Excerpted records:
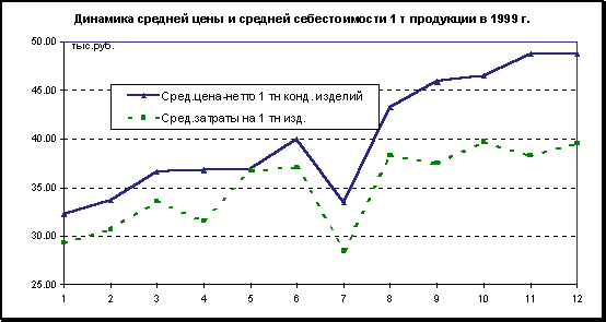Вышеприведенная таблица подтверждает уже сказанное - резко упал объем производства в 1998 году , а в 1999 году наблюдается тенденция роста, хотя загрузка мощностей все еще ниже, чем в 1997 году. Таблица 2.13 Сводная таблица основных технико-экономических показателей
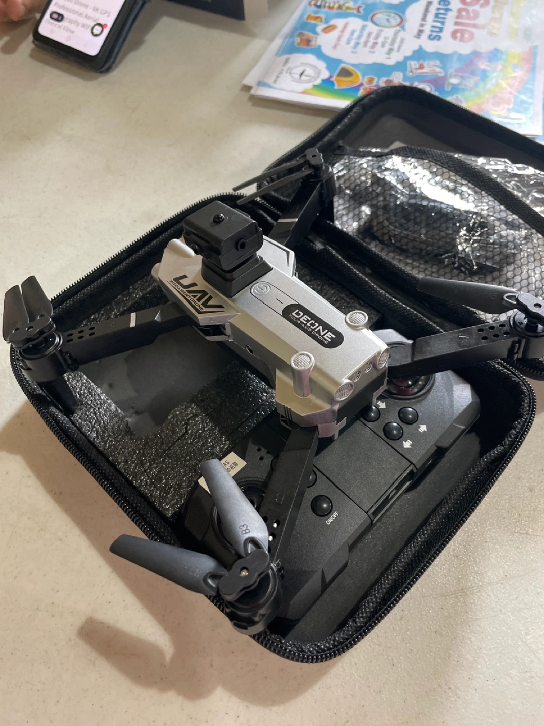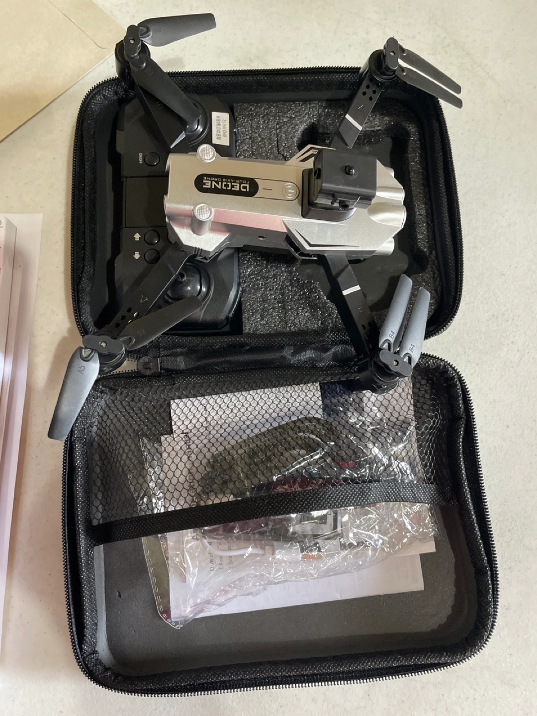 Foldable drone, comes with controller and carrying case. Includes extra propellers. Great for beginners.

...

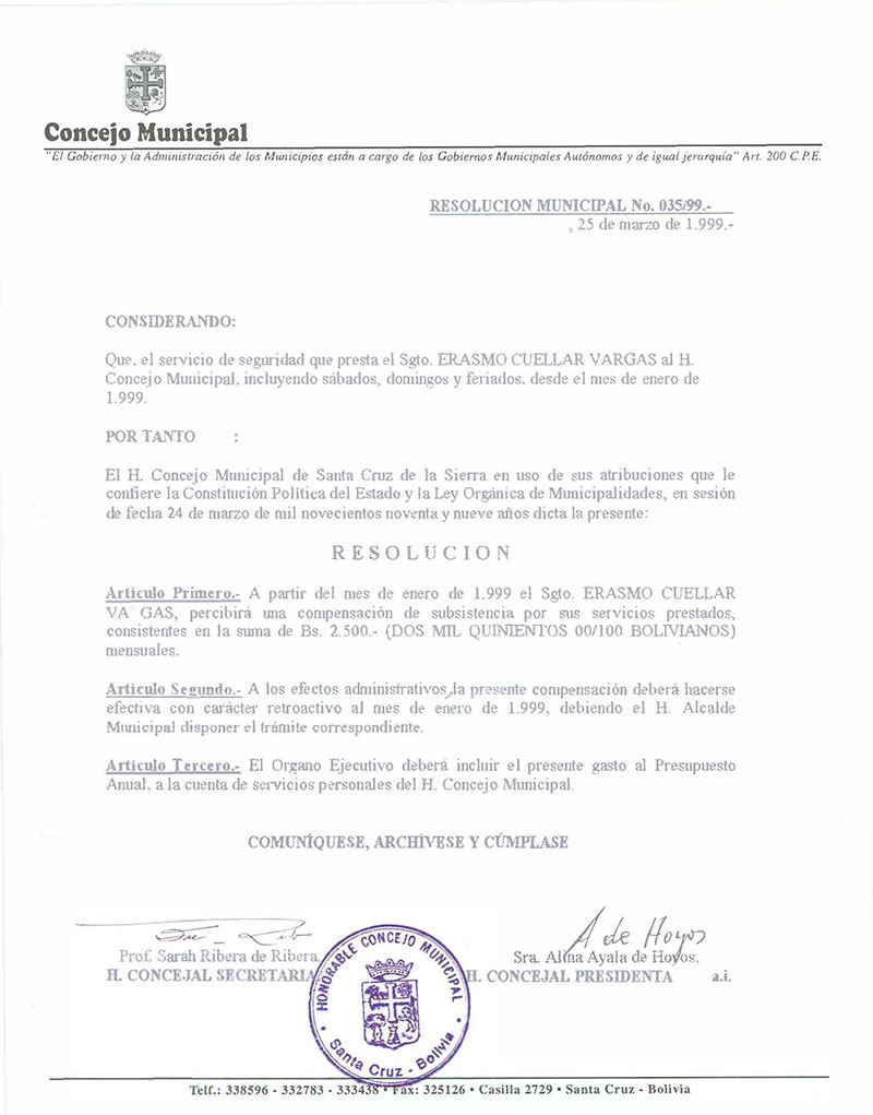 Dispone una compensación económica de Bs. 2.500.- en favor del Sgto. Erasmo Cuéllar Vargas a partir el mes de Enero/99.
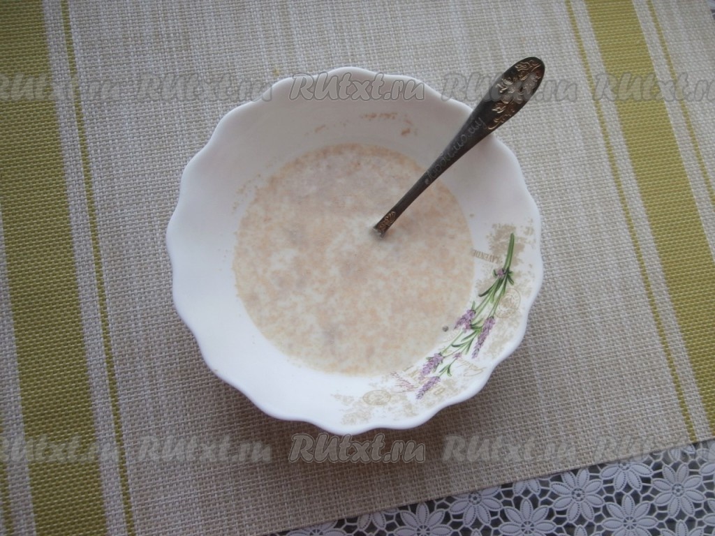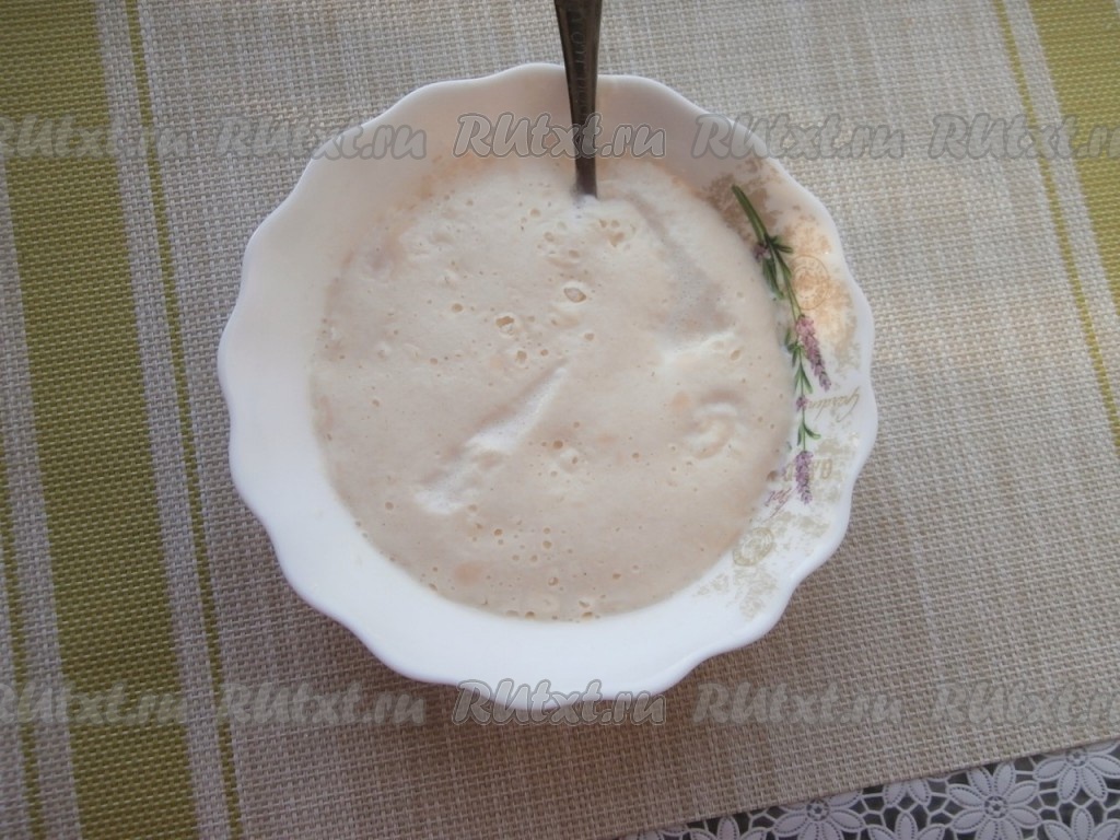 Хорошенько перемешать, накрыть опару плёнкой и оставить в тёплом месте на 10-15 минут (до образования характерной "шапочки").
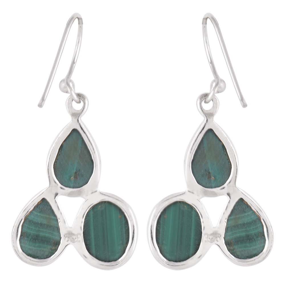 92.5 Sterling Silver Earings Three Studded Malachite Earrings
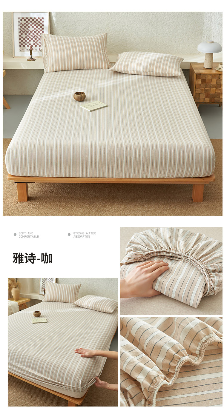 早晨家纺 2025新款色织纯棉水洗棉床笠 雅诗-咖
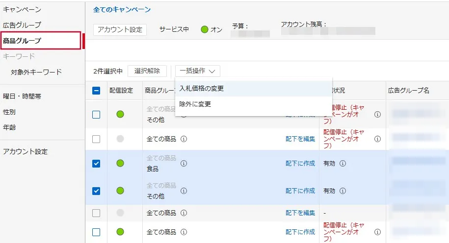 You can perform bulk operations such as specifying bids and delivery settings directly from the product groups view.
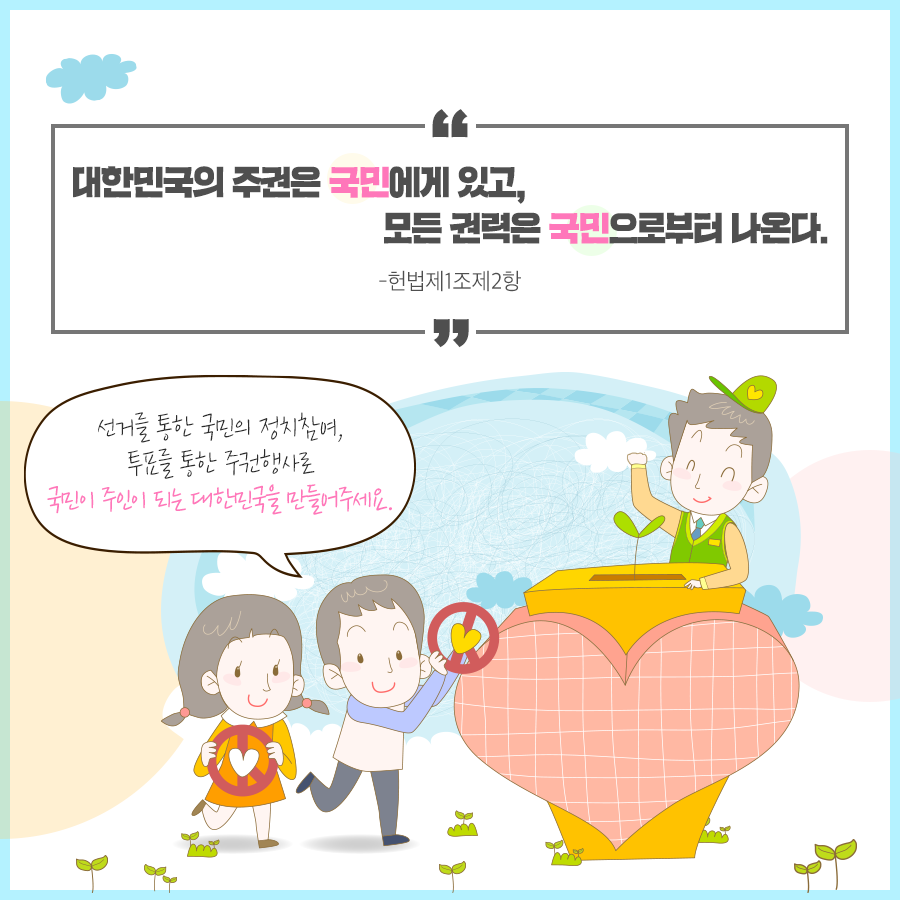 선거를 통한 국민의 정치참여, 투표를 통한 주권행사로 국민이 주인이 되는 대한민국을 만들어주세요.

Your objective: Print nothing except the lines above from the one containing "Хорошенько перемешать, накрыть" down to the one containing "선거를 통한 국민의 정치참여, 투표를", both included, exactly as written and free of pictures.

Response below:
 Хорошенько перемешать, накрыть опару плёнкой и оставить в тёплом месте на 10-15 минут (до образования характерной "шапочки").
 92.5 Sterling Silver Earings Three Studded Malachite Earrings
 早晨家纺 2025新款色织纯棉水洗棉床笠 雅诗-咖
 You can perform bulk operations such as specifying bids and delivery settings directly from the product groups view.
 선거를 통한 국민의 정치참여, 투표를 통한 주권행사로 국민이 주인이 되는 대한민국을 만들어주세요.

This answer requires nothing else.